Problem description:
Working from the records below, return word for word the line that contains "Galvalume ® (41)" and each line after it, ending with the last. Skip all pictures.
%%
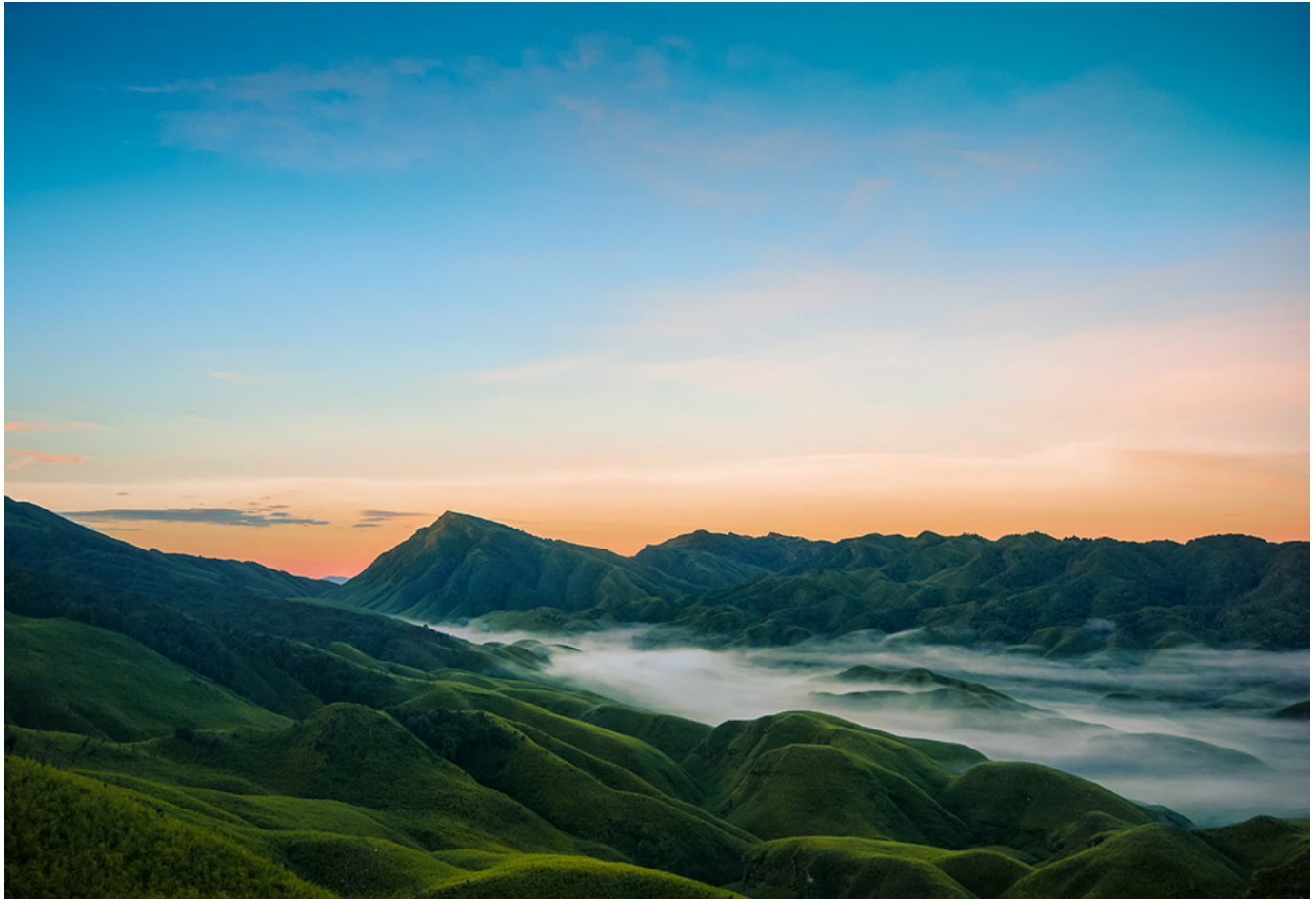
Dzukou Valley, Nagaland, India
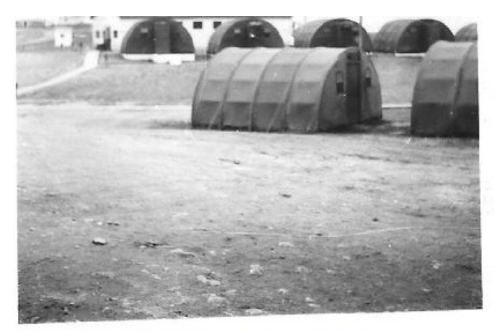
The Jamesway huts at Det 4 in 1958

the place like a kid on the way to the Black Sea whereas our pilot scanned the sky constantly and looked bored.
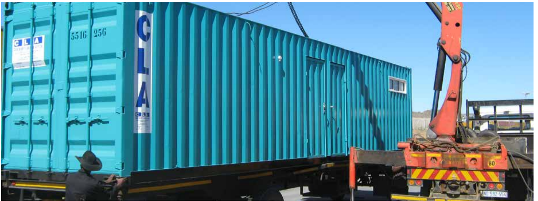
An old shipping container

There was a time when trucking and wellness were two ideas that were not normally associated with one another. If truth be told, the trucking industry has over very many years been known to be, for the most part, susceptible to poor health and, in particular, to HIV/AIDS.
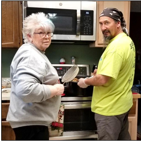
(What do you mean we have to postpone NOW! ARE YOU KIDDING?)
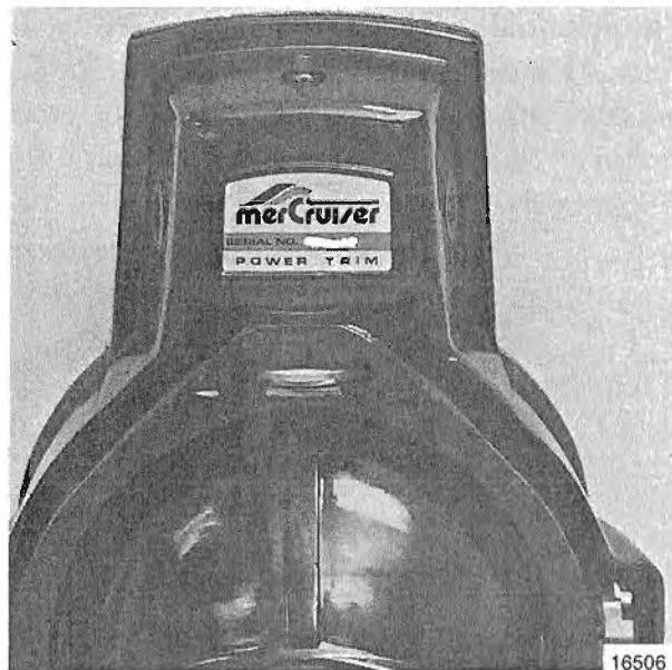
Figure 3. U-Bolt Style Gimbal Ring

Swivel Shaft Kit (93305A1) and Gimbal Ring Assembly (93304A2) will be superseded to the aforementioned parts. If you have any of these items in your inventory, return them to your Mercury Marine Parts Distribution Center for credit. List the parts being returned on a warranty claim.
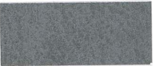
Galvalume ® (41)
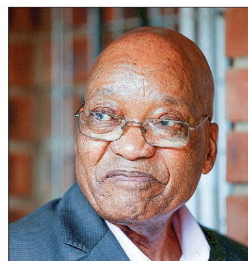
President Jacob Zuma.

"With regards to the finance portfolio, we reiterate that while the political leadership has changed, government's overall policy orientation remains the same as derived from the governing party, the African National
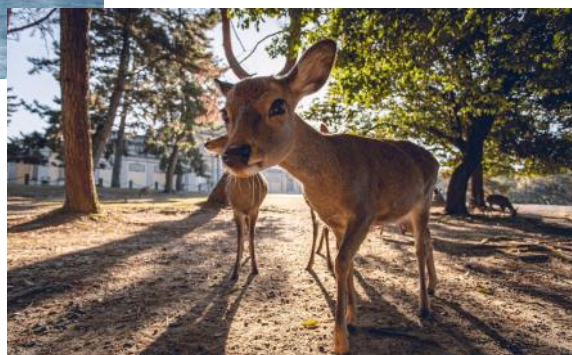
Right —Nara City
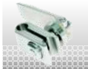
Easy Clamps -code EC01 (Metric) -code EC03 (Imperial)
%%
Reply:
Galvalume ® (41)
President Jacob Zuma.

"With regards to the finance portfolio, we reiterate that while the political leadership has changed, government's overall policy orientation remains the same as derived from the governing party, the African National
Right —Nara City
Easy Clamps -code EC01 (Metric) -code EC03 (Imperial)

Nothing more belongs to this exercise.